■ **Exercise requirements**
Transcribe all records, preserving every character.

******

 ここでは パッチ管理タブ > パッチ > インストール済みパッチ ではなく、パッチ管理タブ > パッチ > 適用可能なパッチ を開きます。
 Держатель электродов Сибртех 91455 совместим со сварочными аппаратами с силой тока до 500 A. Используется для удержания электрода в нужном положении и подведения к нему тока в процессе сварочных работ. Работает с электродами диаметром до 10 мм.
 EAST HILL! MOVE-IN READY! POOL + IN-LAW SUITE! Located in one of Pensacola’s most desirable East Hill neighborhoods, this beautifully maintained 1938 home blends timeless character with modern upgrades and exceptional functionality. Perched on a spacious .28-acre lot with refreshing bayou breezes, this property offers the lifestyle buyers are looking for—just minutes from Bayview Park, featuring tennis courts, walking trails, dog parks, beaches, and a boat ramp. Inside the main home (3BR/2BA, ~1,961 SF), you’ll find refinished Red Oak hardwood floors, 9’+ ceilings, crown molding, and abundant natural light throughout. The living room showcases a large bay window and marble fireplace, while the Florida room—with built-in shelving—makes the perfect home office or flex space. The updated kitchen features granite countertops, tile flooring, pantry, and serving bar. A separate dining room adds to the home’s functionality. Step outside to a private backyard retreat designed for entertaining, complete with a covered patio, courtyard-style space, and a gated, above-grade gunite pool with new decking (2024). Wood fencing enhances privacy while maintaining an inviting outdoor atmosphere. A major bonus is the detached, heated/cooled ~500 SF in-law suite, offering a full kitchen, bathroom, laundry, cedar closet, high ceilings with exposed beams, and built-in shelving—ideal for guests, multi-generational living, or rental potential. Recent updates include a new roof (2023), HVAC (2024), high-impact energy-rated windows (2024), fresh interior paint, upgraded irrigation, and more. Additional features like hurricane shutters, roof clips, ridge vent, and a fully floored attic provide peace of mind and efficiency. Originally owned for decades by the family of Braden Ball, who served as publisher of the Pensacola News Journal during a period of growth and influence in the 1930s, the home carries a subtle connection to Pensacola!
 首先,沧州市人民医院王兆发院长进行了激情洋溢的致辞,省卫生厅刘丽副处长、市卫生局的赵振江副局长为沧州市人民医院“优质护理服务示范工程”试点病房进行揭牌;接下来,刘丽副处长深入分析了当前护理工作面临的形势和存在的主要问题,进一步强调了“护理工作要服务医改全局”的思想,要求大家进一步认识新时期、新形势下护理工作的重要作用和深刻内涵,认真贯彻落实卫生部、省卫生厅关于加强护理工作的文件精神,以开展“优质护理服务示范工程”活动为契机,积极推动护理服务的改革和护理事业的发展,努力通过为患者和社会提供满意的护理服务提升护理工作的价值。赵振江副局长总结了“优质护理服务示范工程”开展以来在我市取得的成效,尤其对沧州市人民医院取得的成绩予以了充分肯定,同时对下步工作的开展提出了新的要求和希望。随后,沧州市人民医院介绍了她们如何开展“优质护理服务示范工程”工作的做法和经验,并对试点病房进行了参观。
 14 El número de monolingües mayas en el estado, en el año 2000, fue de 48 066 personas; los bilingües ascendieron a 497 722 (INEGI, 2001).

******

■ **Problem solution**
 ここでは パッチ管理タブ > パッチ > インストール済みパッチ ではなく、パッチ管理タブ > パッチ > 適用可能なパッチ を開きます。
 Держатель электродов Сибртех 91455 совместим со сварочными аппаратами с силой тока до 500 A. Используется для удержания электрода в нужном положении и подведения к нему тока в процессе сварочных работ. Работает с электродами диаметром до 10 мм.
 EAST HILL! MOVE-IN READY! POOL + IN-LAW SUITE! Located in one of Pensacola’s most desirable East Hill neighborhoods, this beautifully maintained 1938 home blends timeless character with modern upgrades and exceptional functionality. Perched on a spacious .28-acre lot with refreshing bayou breezes, this property offers the lifestyle buyers are looking for—just minutes from Bayview Park, featuring tennis courts, walking trails, dog parks, beaches, and a boat ramp. Inside the main home (3BR/2BA, ~1,961 SF), you’ll find refinished Red Oak hardwood floors, 9’+ ceilings, crown molding, and abundant natural light throughout. The living room showcases a large bay window and marble fireplace, while the Florida room—with built-in shelving—makes the perfect home office or flex space. The updated kitchen features granite countertops, tile flooring, pantry, and serving bar. A separate dining room adds to the home’s functionality. Step outside to a private backyard retreat designed for entertaining, complete with a covered patio, courtyard-style space, and a gated, above-grade gunite pool with new decking (2024). Wood fencing enhances privacy while maintaining an inviting outdoor atmosphere. A major bonus is the detached, heated/cooled ~500 SF in-law suite, offering a full kitchen, bathroom, laundry, cedar closet, high ceilings with exposed beams, and built-in shelving—ideal for guests, multi-generational living, or rental potential. Recent updates include a new roof (2023), HVAC (2024), high-impact energy-rated windows (2024), fresh interior paint, upgraded irrigation, and more. Additional features like hurricane shutters, roof clips, ridge vent, and a fully floored attic provide peace of mind and efficiency. Originally owned for decades by the family of Braden Ball, who served as publisher of the Pensacola News Journal during a period of growth and influence in the 1930s, the home carries a subtle connection to Pensacola!
 首先,沧州市人民医院王兆发院长进行了激情洋溢的致辞,省卫生厅刘丽副处长、市卫生局的赵振江副局长为沧州市人民医院“优质护理服务示范工程”试点病房进行揭牌;接下来,刘丽副处长深入分析了当前护理工作面临的形势和存在的主要问题,进一步强调了“护理工作要服务医改全局”的思想,要求大家进一步认识新时期、新形势下护理工作的重要作用和深刻内涵,认真贯彻落实卫生部、省卫生厅关于加强护理工作的文件精神,以开展“优质护理服务示范工程”活动为契机,积极推动护理服务的改革和护理事业的发展,努力通过为患者和社会提供满意的护理服务提升护理工作的价值。赵振江副局长总结了“优质护理服务示范工程”开展以来在我市取得的成效,尤其对沧州市人民医院取得的成绩予以了充分肯定,同时对下步工作的开展提出了新的要求和希望。随后,沧州市人民医院介绍了她们如何开展“优质护理服务示范工程”工作的做法和经验,并对试点病房进行了参观。
 14 El número de monolingües mayas en el estado, en el año 2000, fue de 48 066 personas; los bilingües ascendieron a 497 722 (INEGI, 2001).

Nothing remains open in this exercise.